From: Shriramana Sharma (samjnaa@gmail.com)
Date: Wed Nov 24 2010 - 23:27:38 CST

  • Next message: CE Whitehead: "RE: Phishing and enforcing Confusables.txt"

    Hello. Here's a Telugu vs Kannada confusables list I cooked up right
    now. As this is an important security issue, I post to all the lists
    so that people may contribute. Also, some of this is probably already
    there but I'm going for completeness:

    ANUSVARA
    VISARGA
    LETTER A
    LETTER AA
    LETTER I
    LETTER II
    LETTER VOCALIC L
    LETTER E
    LETTER EE
    LETTER AI
    LETTER O
    LETTER OO
    LETTER AU
    LETTER KHA
    LETTER GA
    LETTER GHA (?)
    LETTER NGA (?)
    LETTER JA
    LETTER JHA
    LETTER NYA
    LETTER TTA
    LETTER TTHA
    LETTER DDA
    LETTER DDHA
    LETTER NNA
    LETTER TA (?)
    LETTER THA
    LETTER DA
    LETTER DHA
    LETTER NA
    LETTER PA (?)
    LETTER PHA (?)
    LETTER BA
    LETTER BHA
    LETTER MA
    LETTER YA
    LETTER RA
    LETTER RRA
    LETTER LA
    LETTER LLA
    LETTER VA
    LETTER SHA
    LETTER SSA (?)
    LETTER SA (?)
    VOWEL SIGN AA
    VOWEL SIGN I
    VOWEL SIGN U
    VOWEL SIGN UU
    VOWEL SIGN VOCALIC R
    VOWEL SIGN VOCALIC RR
    VOWEL SIGN AU
    LETTER VOCALIC LL
    VOWEL SIGN VOCALIC L
    VOWEL SIGN VOCALIC LL (?)
    DIGIT ZERO
    DIGIT ONE
    DIGIT TWO
    DIGIT FOUR
    DIGIT FIVE (?)
    DIGIT SIX
    DIGIT EIGHT (?)
    DIGIT NINE

    That makes sixty two characters in all including the ones marked ?.
    Even *without* the ones marked ? (which I did because I suspected
    others may contest these cases) it comes to fifty two.

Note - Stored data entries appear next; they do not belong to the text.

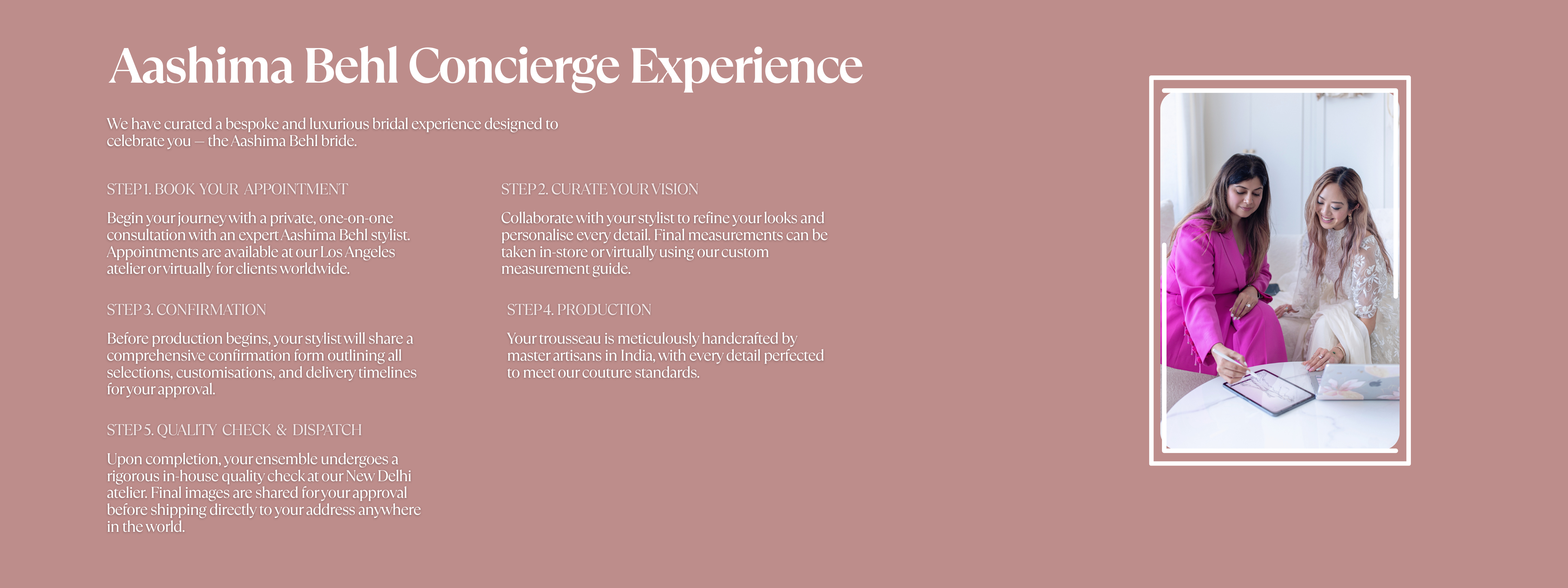 For all brides, AASHIMA BEHL requires there be at least a 1.5 month gap between the delivery timeline and event date. This means that for any bridal pieces that take 12 weeks, we require the bride to purchase and finalize 5 months in advance.
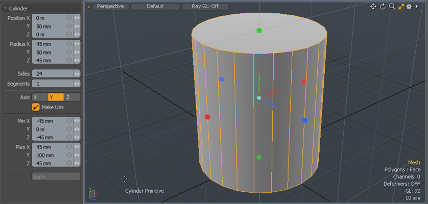 シリンダーのサイズをマグカップのサイズにほぼ一致するように調整し、ベースを地面(XZ)平面に配置します。マグカップの幅は約90 mm、高さは100 mmです。シリンダーのサイジングには、 Modoを使用しますRadiusプロパティは、全長の半分です。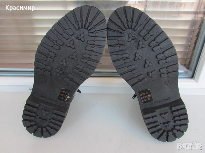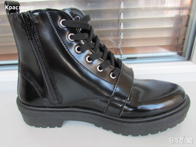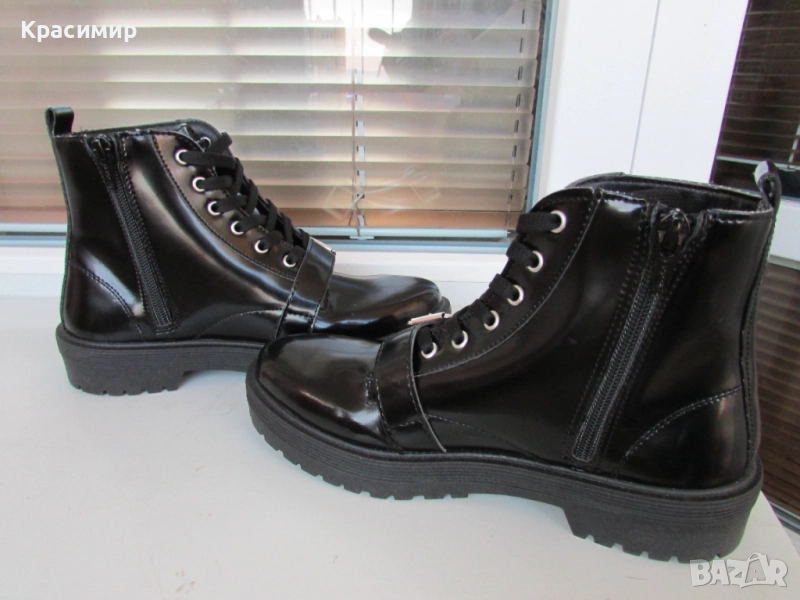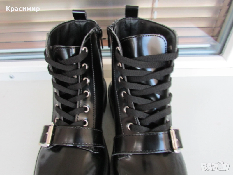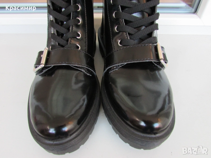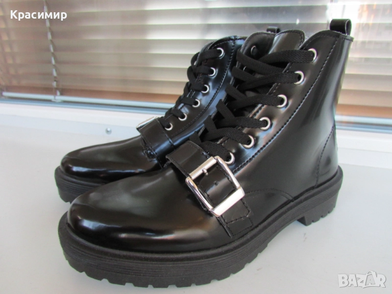 N:32 Дамски боти OASIS, в черен цвят и хромирана катарама с каишка отпред за декорация. Закопчаването е с връзки отпред и цип отстрани. Височината им е 15,5 см, а на тока 3 см. Номер 37 с дължина на стелката 23,5 см. Произведени в Италия.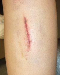 20歳F 2025年4月4日、大学の階段で転倒し右下腿を擦りむいた。翌日、当院受診。ハイドロコロイド包帯 アドバンスで患部被覆。
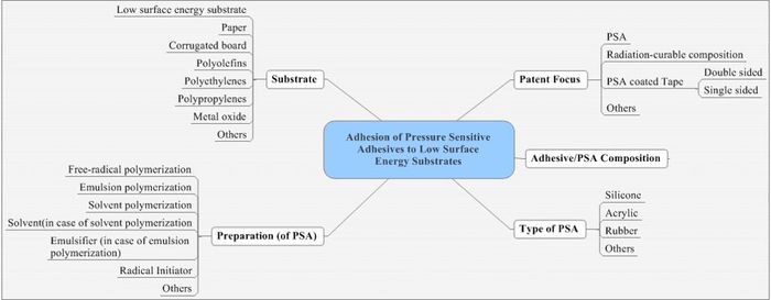 As it is evident from the the technology tree below, although the IP activity in the area of Pressure sensitive adhesive was initiated during 1970s, companies are continuously trying new combinations of different components.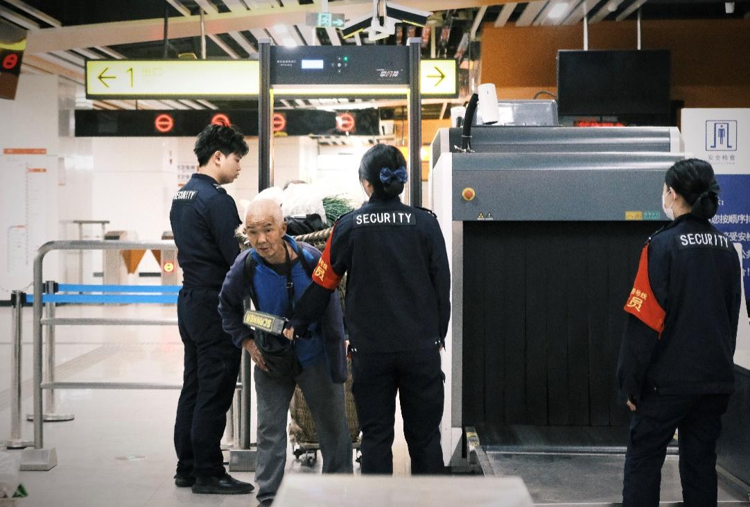来到安检处,菜农们不必放下背篓过安检装置,只需由两名工作人员为其人工安检:一名安检员帮忙扶着背篓和疏通,另一名则用安检扫描仪快速检查背篓。此外,旁边还设有一位安全员观察是否有安全隐患并及时解决。“有些农民的背篓太重了,背在后背容易往后倒,我在这儿就得看着他们,站不稳地扶一把,千万不能出事了。”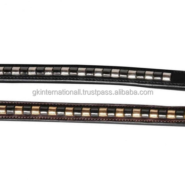 Black Brown Single Layer Thick Buffalo Leather Horse Brow Band with Decorative Metal Clincher & Snap Button Loop Closure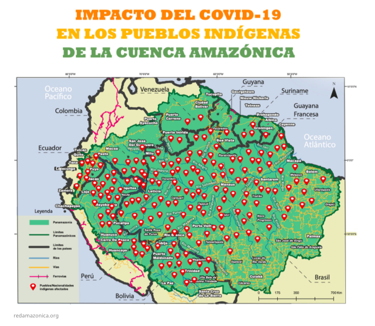 Del total de los 375 pueblos indígenas amazónicos reconocidos oficialmente, 172 de ellos ya presentan casos de contagio y muerte por la covid-19. Este 10 de julio, varios representantes de pueblos originarios de la Amazonia se reunieron con la Comisión Interamericana de Derechos Humanos (CIDH), denunciaron el abandono del Estado y solicitaron que intercedan para que los gobiernos garanticen el respeto a los derechos de estos pueblos, principalmente en este momento de urgencia sanitaria.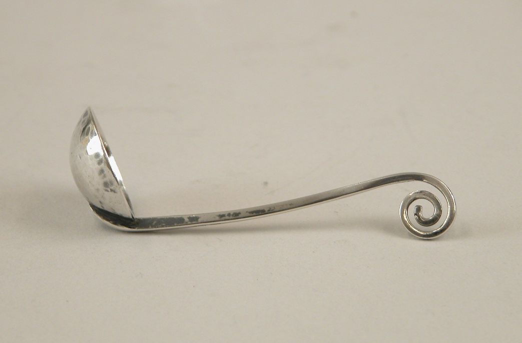 Kelklepeltje met ronde bak en steel eindigend in krul

    Now to count the characters NOT common or confusable (obviously much lesser):

    LETTER U
    LETTER UU
    LETTER VOCALIC R
    LETTER KA
    LETTER CA
    LETTER CHA
    LETTER HA
    VOWEL SIGN II
    VOWEL SIGN E
    VOWEL SIGN EE
    VOWEL SIGN AI
    VOWEL SIGN O
    VOWEL SIGN OO
    LETTER VOCALIC RR
    DIGIT THREE
    DIGIT SEVEN

    That comes to sixteen.

    I left out the LLLA of Kannada and the fractions of Telugu which are
    *not* present (as of Unicode 6.0) in the other script because
    obviously there can be no comparison on those.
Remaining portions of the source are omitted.